Effects of minor alloying additive on the shear strength of Sn-58Bi solder joint

Abstract

The use of Pb has been limited in the electronic industry because of the toxicity of lead. As the result, the research and development activities in developing lead-free solders have been accelerated and some lead-free solders were introduced as alternative. Sn-Bi-based alloys are an alternative to replace Pb-based solders in the low temperature ranges. However, Sn-Bi-based solders show brittle behavior in both the bulk and the interface.
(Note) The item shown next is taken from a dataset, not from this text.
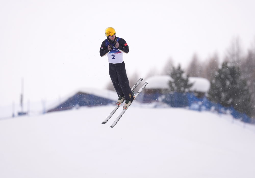 Wang Xindi of China competes during the freestyle skiing men's aerials qualification 1 at the Milan-Cortina 2026 Olympic Winter Games in Livigno, Italy, Feb 20, 2026. (PHOTO / XINHUA)

Generally, the addition of impurity elements to the solders can improve the ductility of the solder joint in both the bulk and the interface by refining the solder microstructure and suppressing the intermetallics at the interface, respectively. In this study, the effect of third elements, i.e., Ni and In (1 and 0.5wt.%) on the microstructure of the Sn-58Bi solder and thickness of the interface between Sn-58Bi solder and Cu substrate were investigated. Solid state IMC compound layer growth was also examined following the thermal aging of the solder joint. Results after aging show that minor added elements were effective in suppressing the intermetallics at the interface during solid state growth. The results also show that the added In was highly effective in limiting the Bi phase coarsening. Mechanical properties of solder joints, before and after heat treatment, were also investigated by shear and micro-vickers tests.